"It is pleasant to have been to a place by the way a river went," Henry David Thoreau wrote. Just my sentiments, as I surveyed the Buffalo National Scenic River on a trip to northern Arkansas in early May. The river suggets a kind of serpentine vitality, and on this day its taut surface resembled the smoothness of mercury as it coiled into a bend in the near distance. I was eager to launch our rented canoe and be swept along to our takeout point five miles below.
Forty or so years ago, the U. S. Army Corps of Engineers thought the Buffalo should be harnessed, like all respectable rivers, by one or more dams. But some visionary conservationists decided otherwise. They persuaded Congress in 1972 to guarantee its freedom as the first "national scenic river." Now, for 135 miles, the Buffalo is constrained only by the tall limestone bluffs of the southern Ozarks that form its winding banks-a joy to people who like to canoe, kayak, fish, or go birding. The National Park Service manages the river and its neighboring hills.
We pushed off and surrendered to the current, using our paddles chiefly as rudders. We saw no other humans on our descent. A wood thrush sang from the dense deciduous forest that covers much of the bluffs, and two tufted titmice called to each other from opposite banks. Ah, Thoreau!
We almost made it. Gliding around a bend, we saw that a line of sandbars stretched across the river just ahead. The current sorted itself into three or four prongs, compressing and accelerating through openings in the obstruction. Predictably, I chose the wrong channel. Swept into the too-narrow opening, our canoe sideswiped a wrecked clump of shrubs, overturned, and charged downstream without its occupants. We floundered, dripping, onto a sandbar.

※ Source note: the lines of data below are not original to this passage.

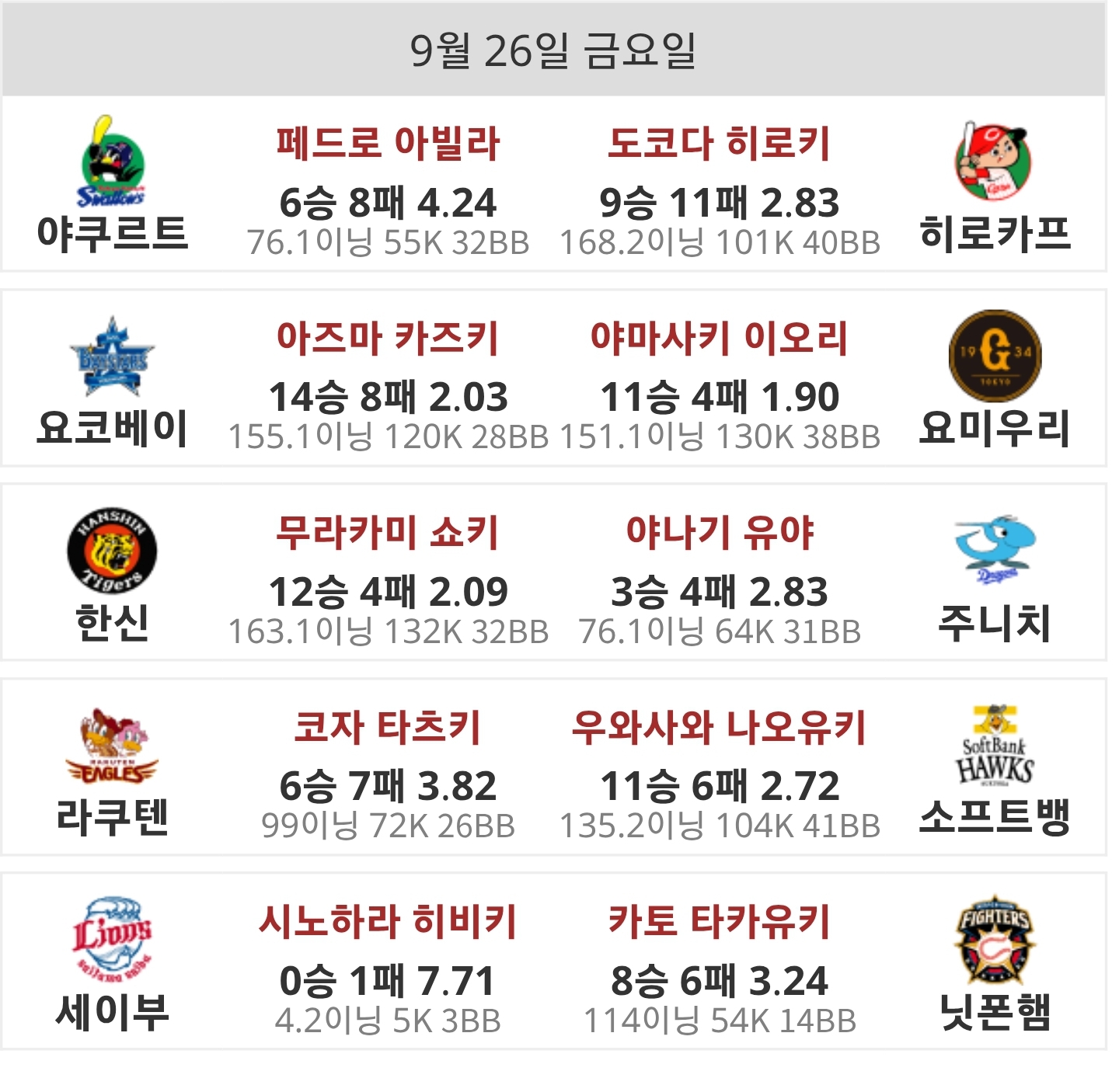 KBO ⚾️ NPB 선발 투수입니다 롯데는포기입니다
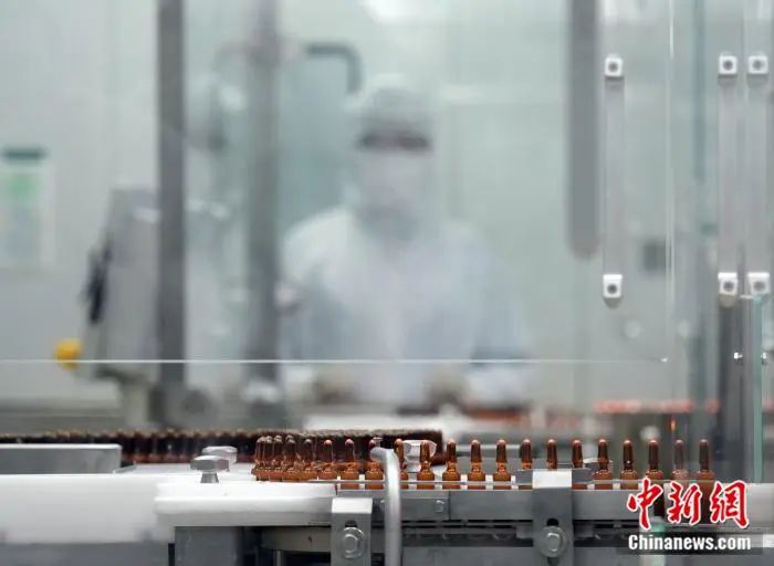 2月14日,北京,智能化车间内无菌水针在进行灌装。中新社发 毛建军 摄
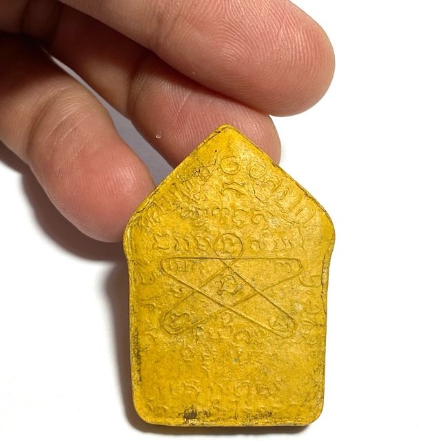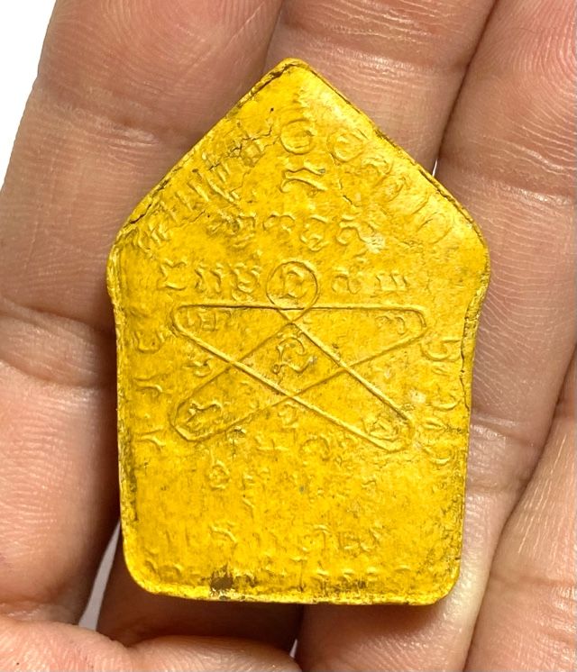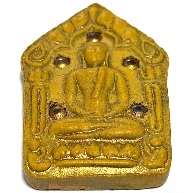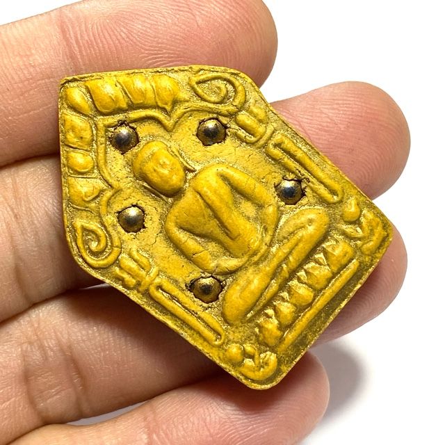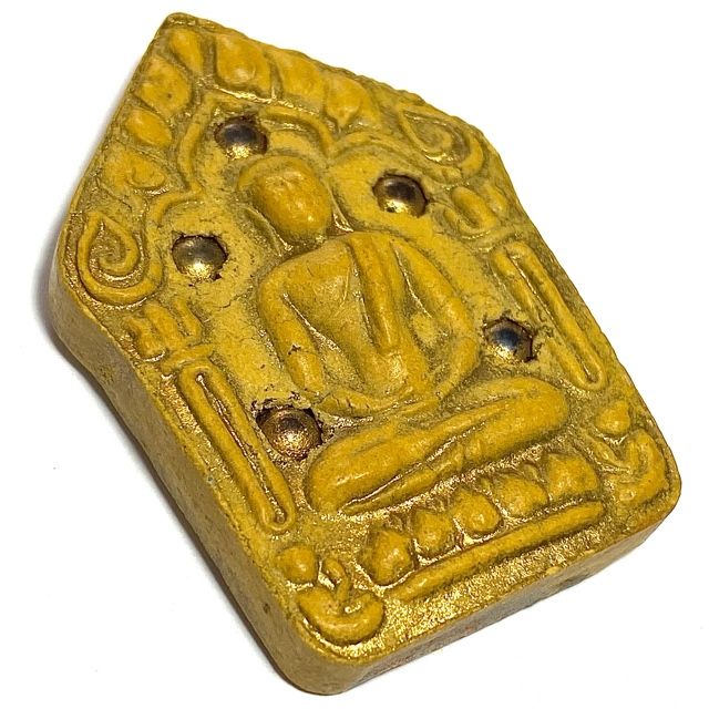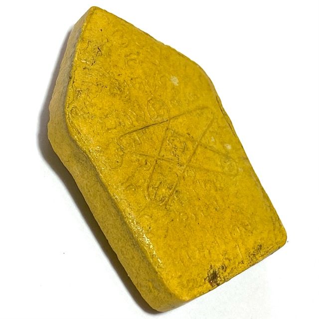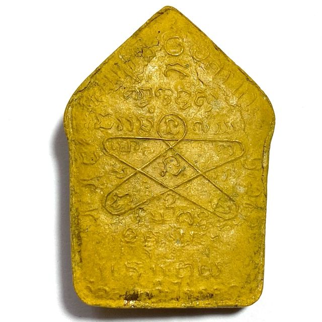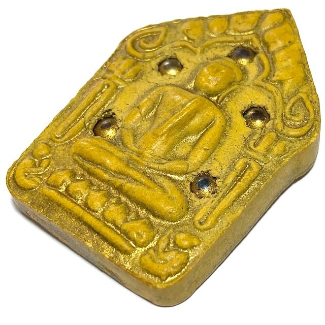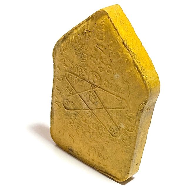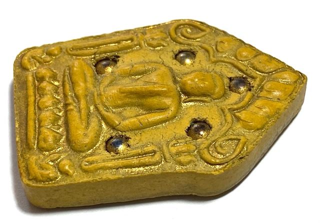 The Block Tong Hlueang mold was created after the previous block press mold broke, the 'Block Hin Meed Gone', which was carved from the sharpening stones used by monks to sharpen their razor blades to shave their heads. Block Tong Hlueang is preferred over the Block Hin Meed Gone, and carries a slightly higher price-tag and eminent status to the Block Hin Meed Gone with the Wongarn Pra Niyom Collector Circles. The rear face has single Takrut Maha Bpraab inserted into the Yant Grabork Khwai Yantra.
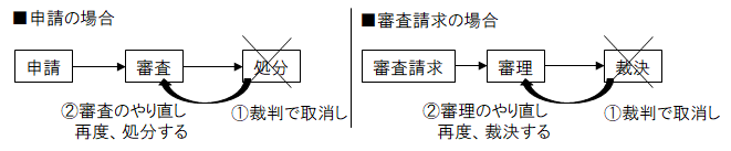 ●「申請に対する処分」「審査請求に対する裁決」について取消判決 → 行政庁は、改めて申請に対して処分・裁決する義務を負う(拘束力)
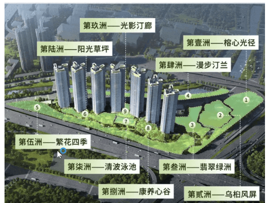 社区景观与生活配套方面,项目提出“公园九洲”理念,营造“先进公园,再归家”的生态居住氛围,南面和东面九洲双园,搭配小区内七大运动主题大花园,在园中造园、景中取景,塑造九大节点,将自然与空间联动,创造沉浸式景观体验。社区大门长约88.8米,高约8.88米,气势恢宏,在海珠区可与之匹敌者寥寥,彰显社区品质与尊贵感。
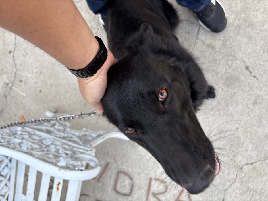 The scene depicts an overhead view of a human interacting with a dog in Chamilpa, Mexico. A human's right arm, wearing a black link-style wristband or watch, is shown petting the head of a black dog. The dog, with amber-brown eyes and a long snout, is looking upwards and slightly to its left; its pink tongue is slightly extended. The dog appears to be on a leash, with a metal chain leash visible extending towards an ornate, white, possibly metal or cast-iron bench structure in the upper left background. The human's left leg, clad in blue jeans and a black sneaker with a white sole, is partially visible in the lower right. The ground is light gray concrete, exhibiting cracks and some faint, out-of-focus red lettering or graffiti. The overall setting appears to be outdoors.
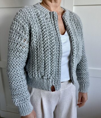 Be stylish with this cozy bomber sweater. The herringbone double crochet stitch forms elegant vertical stripes. Perfect for layering, this piece will become a staple in your wardrobe. Match it with my Downhill Beanie (sold separately) for a coordinated look.
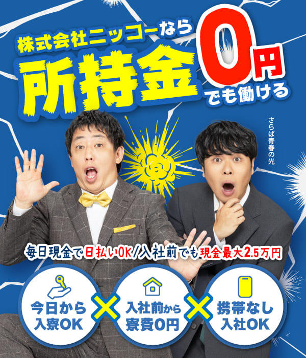 「日払い」は、働いた当日に現金をもらうことができます。金額は2,000円~4,000円となっており、就業先によってもらえる金額が変わります。株式会社ニッコーなら、現金は手渡しでもらえるので、手数料は不要。
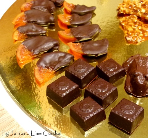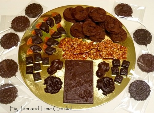 I recognised the cake board immediately! I love your blue plate. How good of you to make this variety of chocolates while suffering a lurgy. This is a very special gift and very generous of you. I would like the orange segments and Pete’s praline xx
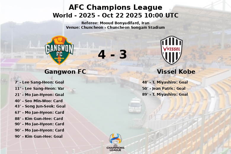 Chuncheon a été le théâtre d’un match animé de l’AFC Champions League où Gangwon FC et Vissel Kobe ont fait match nul dans une rencontre pleine de rebondissements. Gangwon FC a dominé la possession avec 54% contre 46% pour Vissel Kobe, et a créé plus d’occasions de but, totalisant 17 tirs, dont 5 cadrés. L’équipe locale a pris l’avantage grâce aux buts de Lee Sang-Heon (annulé par la VAR), Mo Jae-Hyeon et Song Jun-Seok, faisant preuve d’une grande efficacité en première mi-temps. Cependant, Vissel Kobe a réagi en seconde période avec une belle démonstration offensive. Miyashiro (à deux reprises) et Jean Patric ont marqué pour l’équipe visiteuse, égalisant le score et mettant à l’épreuve la défense locale. Le match a été âprement disputé, avec 16 fautes commises par Gangwon FC, entraînant trois cartons jaunes et un carton rouge pour Mo Jae-Hyeon en fin de match. Kim Gun-Hee marquerait à la fin pour l’équipe locale. Malgré les efforts des deux équipes, le match s’est soldé par un match nul, laissant un goût doux-amer pour les deux camps.
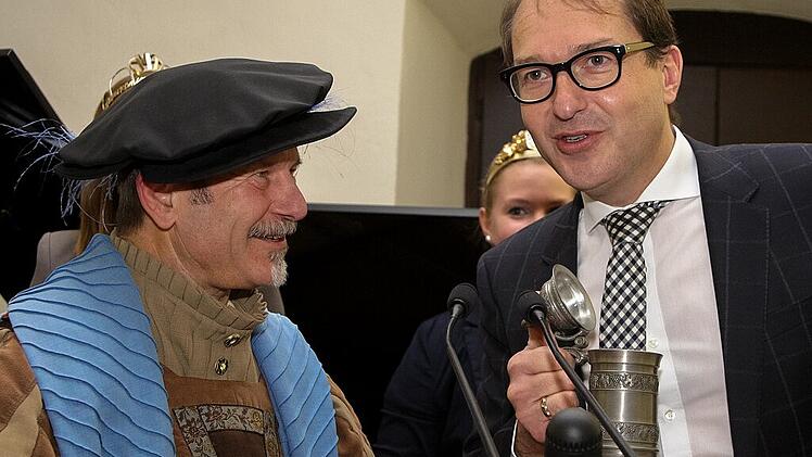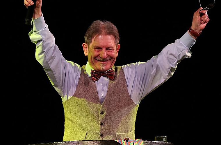Tausendsassa Walter Vierrether kandidiert für den Kitzinger Stadtrat. Ob er da so viel Spaß haben wird, wie in der Weinfassbütt, bei der „Weinseligen Narrensitzung?“ Archiv
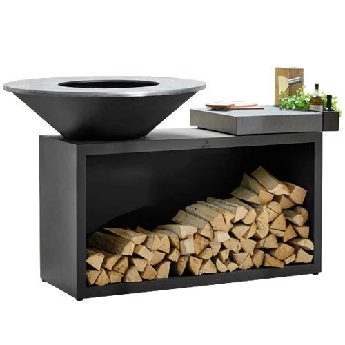 Esta unidad todo en uno combina un estilo y funcionalidades inmejorables en un diseño compacto. Fabricada en resistente Acero lacado en negro, incluye una unidad OFYR con espacio para guardar la leña, tabla de cortar de Cerámica y una práctica bandeja de accesorios para utensilios y condimentos. La Isla Ofyr es su completa cocina al aire libre.
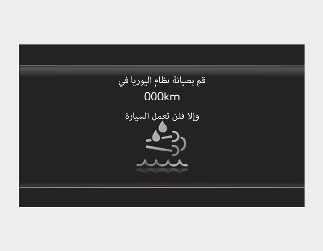 المنخفض جدًا ستظهر الرسالة "Refill Urea in 000 km or vehicle will not start" (أعد التزود بيوريا خلال 000 كم وإلا فلن يتم تشغيل

Drying fast in the warm sun, we waited for rescue on a beached log. Three turkey vultures, aloft on the updrafts atop the towering bluffs, seemed eerily interested in those two creatures washed up on the bar far below. Our voyage had terminated sooner than planned, though we still agreed with Thoreau. It is pleasant to have been to a place by the way a river went, wherever we eventually ended up.